Another revenue official attacked by mafia in south Maharashtra
29 Jan 2011
Barely days after the killing of an additional district collector at Manmad in Maharashtra by the oil mafia, yet another revenue official was almost run over by members of a sand mafia in Sangli in the southern part of the state.
Srinivas Patil, a revenue official in a village in Sangli – which comes under the Tasgaon assembly constituency, from where the state's home minister, R R Patil, has won successive elections – was attacked by four members of a sand mining mafia about three days ago.
According to Patil, the revenue official, he stopped a tractor carrying sand from a near-by river and asked for the necessary papers. Instead of showing him the clearances, the driver and other persons attacked him with stones. When he called up the police and other district officials, they tried to run the tractor over him.

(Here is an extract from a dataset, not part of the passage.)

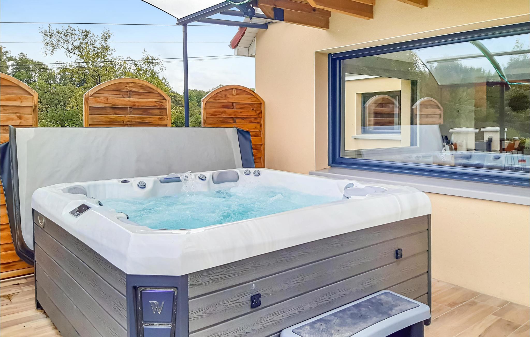 Terrassen med en vidunderlig udsigt over den omkringliggende natur er udstyret med en boblebad, der lover dig uforglemmelige øjeblikke med afslapning.

Patil says he escaped on his motor-cycle, but the miscreants chased him on their tractor for a few kilometres. The police later arrested four suspects. ''The government should crack down on the sand mafia in Sangli,'' says Patil.
Yeshwant Sonawane, the additional district collector of Nashik, who was posted in Malegaon, about 220 km north-east of Mumabi, was burnt to death earlier this week, after he challenged gangsters who were pilfering kerosene from a state-owned oil company's depot near Manmad.
Two days later, about 100,000 employees of the state's revenue department, went on a day-long strike, highlighting the dangers faced by them. Chief minister Prithviraj Chavan has promised tough action against the oil, sand and milk mafia in the state. The police launched a campaign, raiding about 200 places across the state, in a crackdown on the gangsters.
However, activists and government officials who initiate action against the mafia, continue to be targetted. Last year, about half-a-dozen Right to Information (RTI) activists were killed in Maharashtra, and several others injured by gangsters affected by their campaigns. This month alone, three RTI activists were attacked in Mumbai, Pune and Thane, for asking inconvenient questions about building and other projects.
Most of these attacks, however, occur in smaller towns and rural areas, away from television cameras and mass-circulated newspapers.